Vice Adm. Joseph Mulloy, deputy chief of naval operations for integration of capabilities and resources (U.S. Navy)
WASHINGTON — The U.S. military will need war funding for years to come, despite the fact that most troops will be out of Afghanistan by the end of this year, service officials told lawmakers Thursday.
Since Sept. 11, 2001, the Pentagon has received $1.5 trillion for the wars in Iraq and Afghanistan, as well as other special operational activities like disaster relief and evacuation efforts. Those “overseas contingency operations” funds come on top of the DOD base budgets, which are supposed to be used to fund procurement, training, maintenance, and other initiatives that the Pentagon undertakes in peacetime. The enacted base budget for fiscal 2014 was $496 billion, and DOD received $85 billion for OCO.

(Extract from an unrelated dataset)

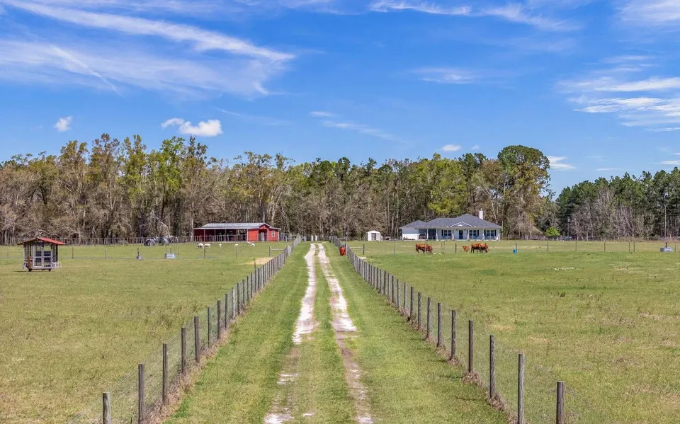 Discover the perfect blend of luxury, sustainability, and functionality in this immaculate custom-built home, set on 20 acres of picturesque, pasture-ready land. This turnkey property is ideal for regenerative farming, equestrian pursuits, agritourism, with no herbicides, pesticides, or GMOs used on the farm. Designed for comfort and efficiency, the open-concept home features a fabulous chef’s kitchen, complete with a 10' x 5' island, top-of-the-line KitchenAid double oven, Wolf gas cooktop, French-door refrigerator, Bosch dishwasher, and both a cast iron farm sink and stainless prep sink. Natural cherry wood floating shelves and a huge walk-in butler’s pantry enhance this stunning space. The owner’s suite is a true retreat, offering spacious walk-in closets, a Kohler cast iron footed tub, a walk-in shower, dual vanities, and even a safe room for peace of mind. Enjoy fast connectivity with Rapid Fiber, perfect for remote work, streaming, or running a home-based business. New barn with water & electric, 6 open stalls, feed room, multi-purpose room, and a workshop. Shed with electric, separate RV hookup with 30 AMP service. Four fenced and cross-fenced pastures with gated entries & irrigation. Thriving fruit orchards, blueberry bushes, vineyard, and raised bed/in-ground gardens. This exceptional farm-to-table estate offers a rare opportunity to live off the land in luxury, with everything in place for pastured farming, horses, or an agritourism venture.

But the military has also been using OCO to train troops, refurbish and modernize its equipment, maintain bases and force presence outside of Afghanistan, and do other activities not directly related to the war effort. Pentagon leaders want that extra money to continue flowing in an era when Congress has put caps on the base budget. A final OCO request has not yet been made for fiscal 2015, but in budget documents, DOD listed $79 billion as a “placeholders” figure.
“Any transition from OCO to base at the current base topline or, worse, under sequester laws, would drive all of our bases down, and our limited budget will pressurize our already difficult decisions as we work to balance our force structure, modernization and readiness. Without additional supplemental funding, I’m concerned that all three of these areas will suffer,” Vice Adm. Joseph Mulloy, deputy chief of naval operations for integration of capabilities and resources, told members of the House Armed Services Subcommittee on Readiness on Thursday.

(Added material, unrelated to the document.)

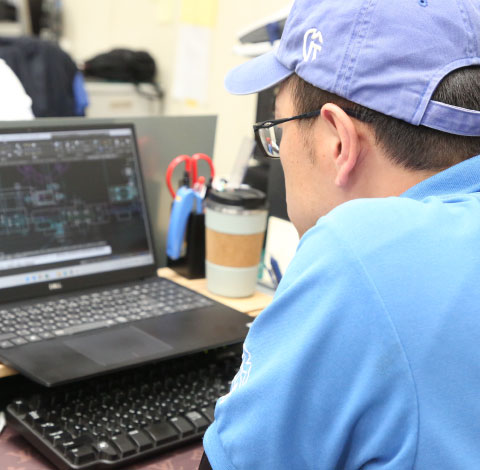製造技術は約3~5年ほどかけて丁寧に指導しますので、未経験でもご安心ください。現場管理を経て多くの経験を積んだのち、アメリカに活躍のフィールドを移します。渡米後は日本で取引のある商社に同行しながら設計や製造の外注先選定、設置現場で指示出しや工程管理をお願いします。

Representatives of the other three services echoed those concerns. Lt. Gen. James Huggins, Army Deputy Chief of Staff for Operations, said his service will need OCO funds for another two to three years to reset the force and prepare for future missions. Lt. Gen. Glenn Walters, the Marine Corps’ deputy commandant for programs and resources, told the subcommittee that the Marines will need OCO money for “several years.”
Lt. Gen. Burton Field, Air Force deputy chief of staff for operations, plans and requirements, said air bases in the Middle East which are funded through OCO need to continue to be funded regardless of the situation in Afghanistan due to ongoing threats in the region.

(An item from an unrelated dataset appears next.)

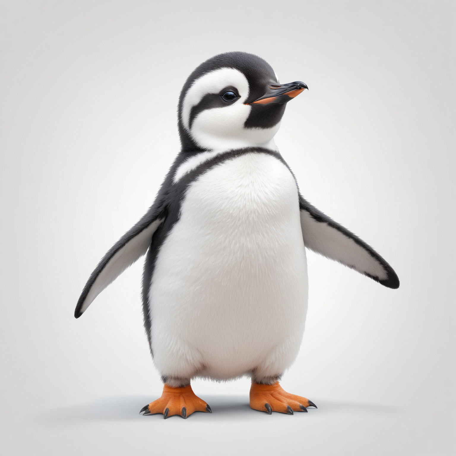 A young penguin stands with its wings outspread against a plain white background.

All four warned that programs in the base budget will also suffer if they don’t have OCO money for fiscal 2015 by the beginning of October, because they will have to take money out of the base budget to pay for operations in Afghanistan through the end of the year.
Some analysts believe DOD leaders and lawmakers use some OCO funds as a budget gimmick to get around baseline budget limits and fund things that should be in the base budget.
“What we’ve seen is a migration of things that used to be funded in the base budget to be funded in the OCO budget request … Why would folks in DOD and Congress be doing this? Well, the OCO budget is not subject to the budget caps under the Budget Control Act.
“So this is an uncapped funding stream that exists for DOD, and both the administration and Congress have been more than willing to use it to soften the impact of sequestration,” Todd Harrison, a military budget expert at the independent Center for Strategic and Budgetary Assessments, said during a conference call earlier this month. “I think that this is a pretty dangerous situation for DOD to be in with being so heavily dependent on the OCO funding ... because that funding stream could disappear quickly.”
Rep. Rob Wittman, R-Va., the chairman of the subcommittee, said he wants OCO funding to continue in the years ahead.
“Some would characterize OCO as unnecessary after 2014. However, the fact of the matter is that the rapidly broadening scope of challenges now facing our military has led the Department to become increasingly dependent on OCO to support enduring activities — activities beyond Afghanistan’s borders that must continue after combat operations have ended. OCO funds a multitude of enduring high-priority activities like building partner capacity, providing humanitarian assistance, conducting training exercises, and performing intelligence functions,” he said. “Until we are able to [move those funds to the base budget], we have a responsibility to provide the necessary OCO resources to allow our troops to do the job we have asked them to do.”